Recently released genetic research from CSIRO and New Mexico State University in the US is helping scientists better understand how Australian birds evolved. The researchers found that the tiger-parrots of New Guinea's rainforests -- named for their striped or barred plumage -- are not, as has been widely accepted, closely related either to a group of rosella-like parrots found in Australia and Oceania, nor a similar group found in Asia and Africa.
In the latest edition of Molecular Phylogenetics and Evolution, they report that tiger-parrots instead occupy their own perch on the parrot evolutionary tree.
Co-author, the Director of CSIRO's Australian National Wildlife Collection (ANWC) Dr Leo Joseph, said the findings will help improve our understanding of how parrots have evolved.
"This research on tiger-parrots -- and some other enigmatic Australian parrots such as the little-known Night Parrot of inland Australian deserts -- sheds light on the bigger picture of parrot evolution for Australia and New Guinea," Dr Joseph said.
"It has shown for the first time, for example, that tiger-parrots represent a very early branch of the parrot evolutionary tree in Australia and New Guinea.

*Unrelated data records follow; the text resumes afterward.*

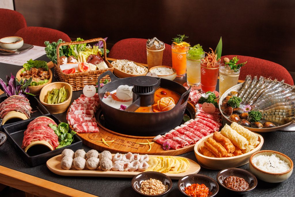 開幕即推出九款獨家湯底,麻辣鍋以先麻後辣的厚實辣感「重慶麻辣鍋」及先香後辣的細緻風味「成都麻辣鍋」兩款為代表,白鍋首推以南瓜基底結合酸菜,先酸後甜的超開胃「酸爽金湯鍋」,而100%純椰子水結合雞湯熬煮,清甜回甘的「椰香益活雞鍋」更是解辣首選!主廚推薦必嚐肉品就是以松露、山葵或沙薑醃漬的超軟嫩「九秒牛肉」,只要涮九秒就能品嚐到粉嫩多汁的板腱牛,而環繞著火鍋擺放、像極美麗花圈的超浮誇「山野肉花圈」則是集結多款肉品,讓有選擇障礙的消費者一次點好點滿!吃鍋最適合來一杯!光看就視覺滿分的兩款調酒及五款無酒精Mocktail,更是吃火鍋最好選擇!即日起至4/6四人豪華套餐祭出72折優惠,現省1500元,來店用餐還有機會抽中888元現金折價券!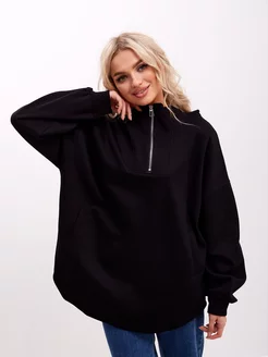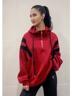 Теплая толстовка оверсайз с капюшоном удлиненная на зиму
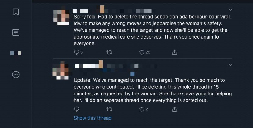 "Tak sempat usha tweet tu, nak gugurkan baby satu hal minta duit orang, satu hal lagi kalau benda tu menipu je. Orang buta buta kasi duit, dia delete thread, duit entah kemana, yang nak gugur entah betul ke tidak.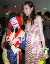 影視紅星楊恭如25日出席頒贈「美之標本」體態大獎,與會場內表演魔術的小丑合照。中新社圖 鄧慶樂 攝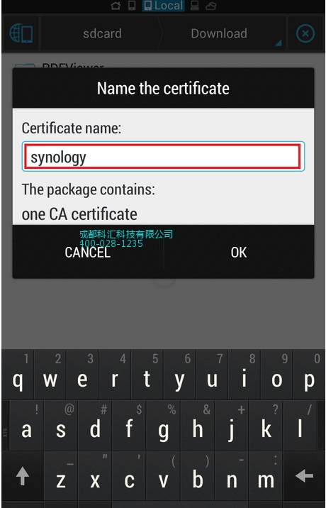 为防止网络攻击或信息漏洞,我们建议您在使用移动设备访问 Synology NAS 上的文件时将自我签署证书导入到移动设备。开始前,您应已创建了来自 Synology NAS 的证书文件。若要了解如何创建创建证书,请参见此文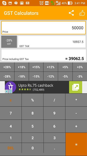 this calculator is display gst amount result on single click. fastest gst calculator in India.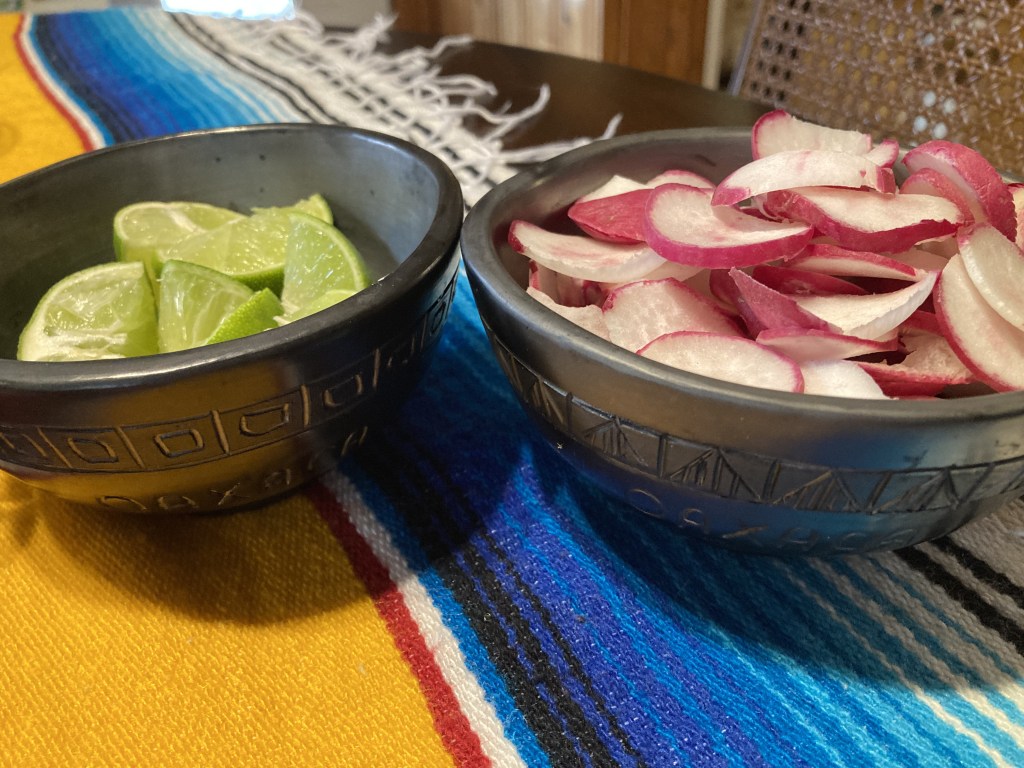 While the tortillas cooked, I thinly sliced some radishes to add as a topping and cut limes into wedges to squeeze over the assembled tacos to enhance their flavor. I was excited to use my new Oaxacan bowls made of barro negro (black clay) that I had recently brought back from my visit to Oaxaca only a few months before.

"The research team's quest has been to understand the true places of parrots such as the Night Parrot and the tiger-parrots in the ecological and evolutionary history of parrots across the Australian continent.
"During our research on these oddball parrots of Australia and New Guinea, we affirmed that the Australian parrots are far from one cohesive group. They appear, instead, to be made up of about five different main branches of the parrot evolutionary tree," Dr Joseph said.
"We have shown that the New Guinea tiger-parrots aren't rosella-like parrots and that their resemblance in some aspects of their appearance to rosellas probably indicates some plumage characters that have been part of the evolution of parrots of Australia and New Guinea for a long time.
"We also showed, because we included so many other parrots, that they aren't even part of the Asian and African assemblage with which they have even more often been associated.
"In fact, it seems they are something nobody had really appreciated -- a very early branch of the Australian and New Guinean evolutionary tree of parrots," he said.
Dr Joseph said that by being able to accurately trace who is related to whom in a group of organisms, scientists can better understand how the evolutionary process affects diversity in the living world.
The Australian National Wildlife Collection (ANWC) -- home to more than 200 000 scientific specimens -- supported the research by providing the genetic material that formed the bases of the study.
The paper's other co-authors are: Dr Alicia Toon from CSIRO and, Dr Tim Wright and PhD student Erin Schirtzinger from New Mexico State University.